Could you output each record below exactly as it stands and leave the pictures out?

> **Supplied records**:
- - - - - - -
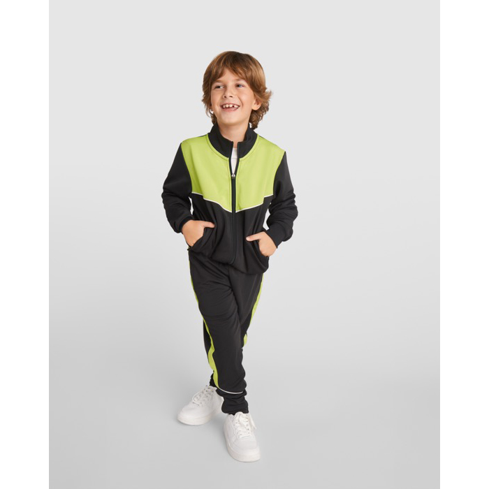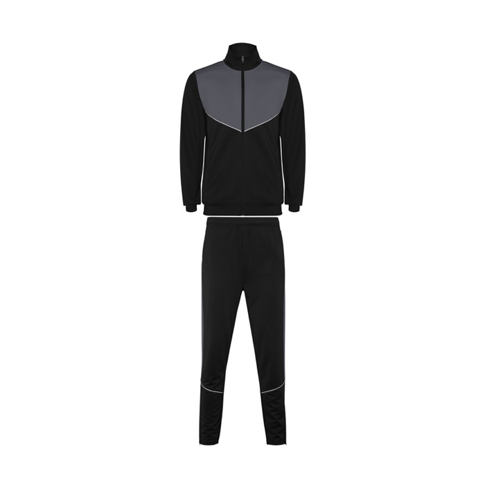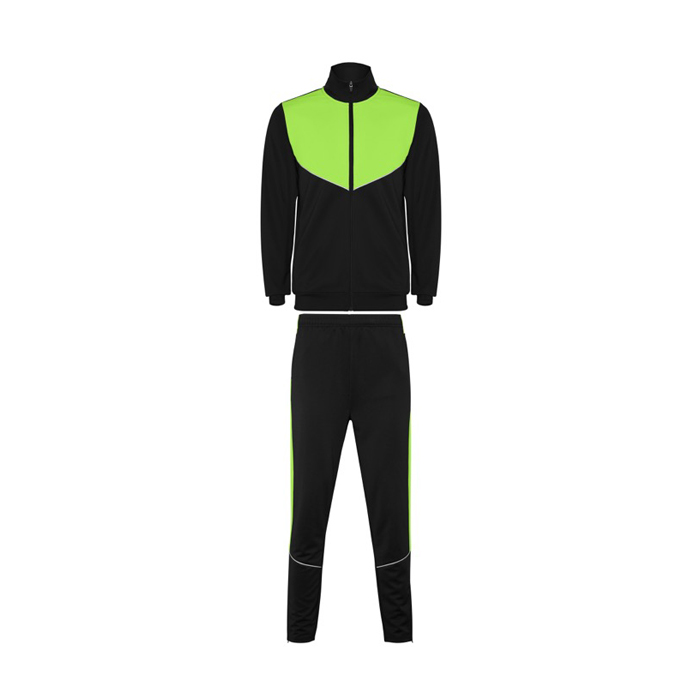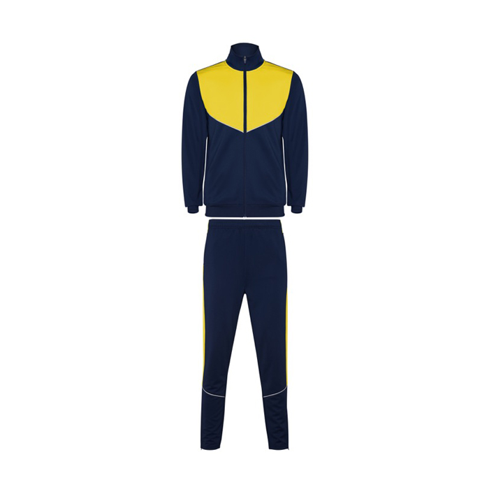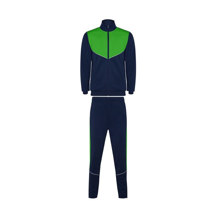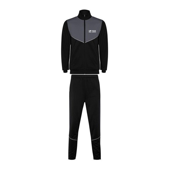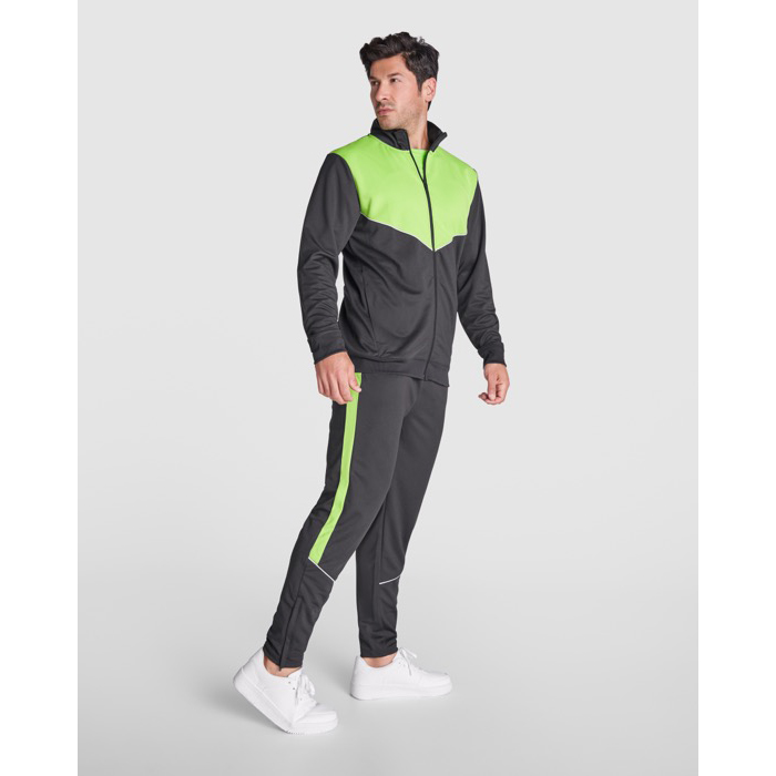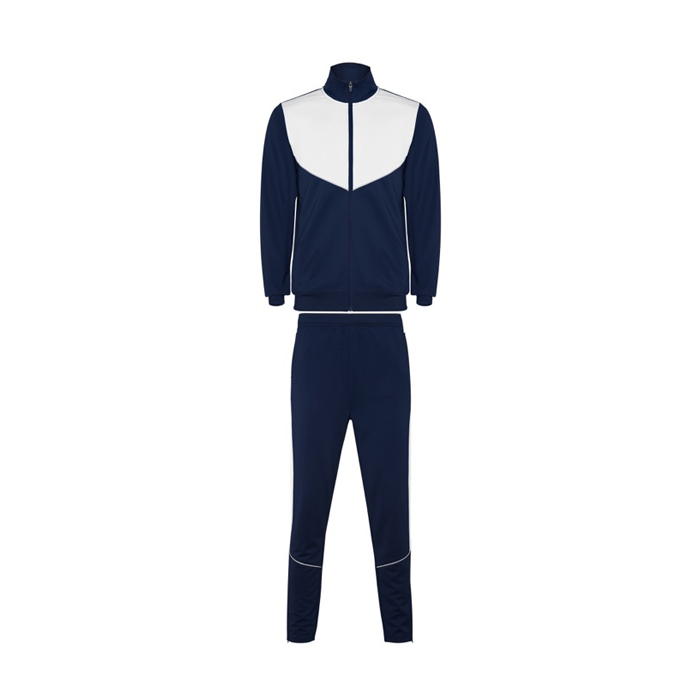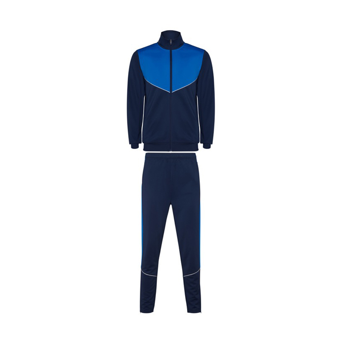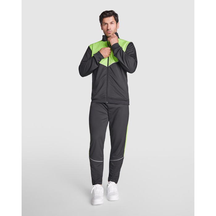 Chándal para hombre de la marca Roly, confeccionado en tejido ligero y elástico, ideal para jornadas activas. La chaqueta destaca por su diseño con el pecho a contraste de color y un vivo que añade un toque moderno. Incluye un cuello alto con cubrecosturas a contraste, cremallera central, bolsillos laterales, y puños y cintura en canalé 2x2 para un ajuste cómodo. El pantalón complementa el conjunto con una cintura elástica y cordón de ajuste, además de una pieza lateral a contraste con vivo y bajo con cremallera. Con un gramaje de 225.0, este chándal es perfecto para actividades corporativas o como uniforme promocional en eventos empresariales.
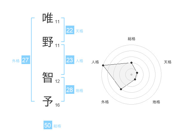 唯野 智予さんの総格は50画の2点!
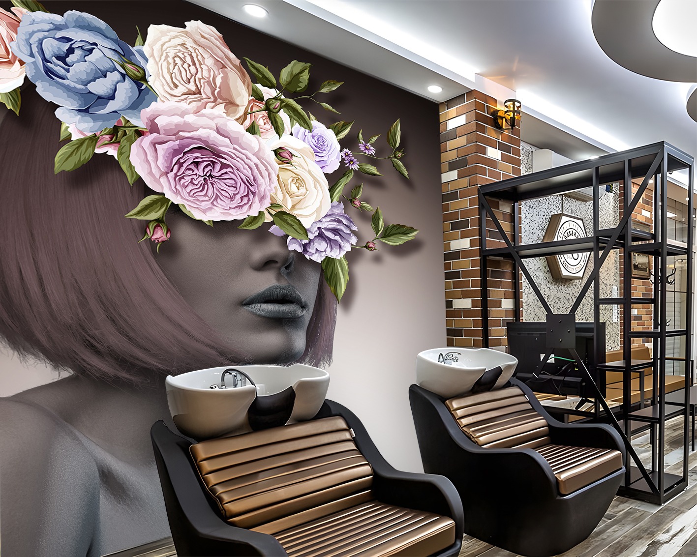 Çiçek Başlı Kadın Figürlü Estetik Duvar Kağıdı
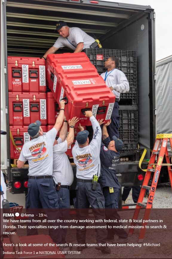 «Наши мысли и молитвы с теми, кто только что пережил один из самых разрушительных ураганов, который эта страна видела с 1851 года, — сказал журналистам Брок Лонг, глава Федерального агентства по управлению чрезвычайными ситуациями, при координации помощи в Вашингтоне. — Будьте уверены, что я не только делаю все, что могу, но преданный своему делу персонал FEMA делает все возможное, чтобы как можно быстрее облегчить боль и страдания».
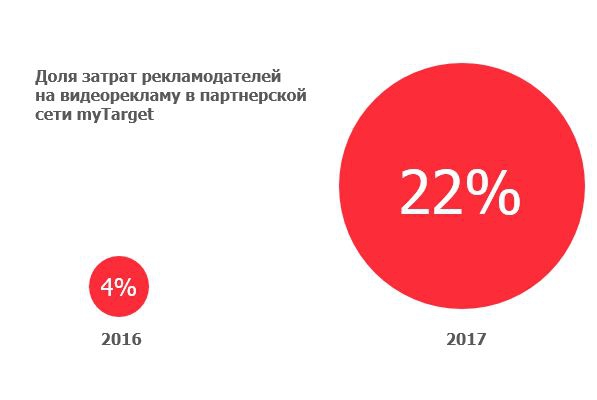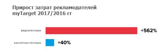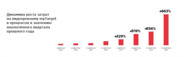 Видеореклама стала самым динамичным сегментом на рекламной платформе myTarget в 2017 году. Инвестиции рекламодателей в видеоразмещение выросли почти в 7 раз (+663%), а доля затрат на видеорекламу выросла с 3% до 14%. Высокие темпы роста объясняются не только популярностью видеоразмещений, но и введением новых форматов.
- - - - - - -
> **Solved problem**:
 Chándal para hombre de la marca Roly, confeccionado en tejido ligero y elástico, ideal para jornadas activas. La chaqueta destaca por su diseño con el pecho a contraste de color y un vivo que añade un toque moderno. Incluye un cuello alto con cubrecosturas a contraste, cremallera central, bolsillos laterales, y puños y cintura en canalé 2x2 para un ajuste cómodo. El pantalón complementa el conjunto con una cintura elástica y cordón de ajuste, además de una pieza lateral a contraste con vivo y bajo con cremallera. Con un gramaje de 225.0, este chándal es perfecto para actividades corporativas o como uniforme promocional en eventos empresariales.
 唯野 智予さんの総格は50画の2点!
 Çiçek Başlı Kadın Figürlü Estetik Duvar Kağıdı
 «Наши мысли и молитвы с теми, кто только что пережил один из самых разрушительных ураганов, который эта страна видела с 1851 года, — сказал журналистам Брок Лонг, глава Федерального агентства по управлению чрезвычайными ситуациями, при координации помощи в Вашингтоне. — Будьте уверены, что я не только делаю все, что могу, но преданный своему делу персонал FEMA делает все возможное, чтобы как можно быстрее облегчить боль и страдания».
 Видеореклама стала самым динамичным сегментом на рекламной платформе myTarget в 2017 году. Инвестиции рекламодателей в видеоразмещение выросли почти в 7 раз (+663%), а доля затрат на видеорекламу выросла с 3% до 14%. Высокие темпы роста объясняются не только популярностью видеоразмещений, но и введением новых форматов.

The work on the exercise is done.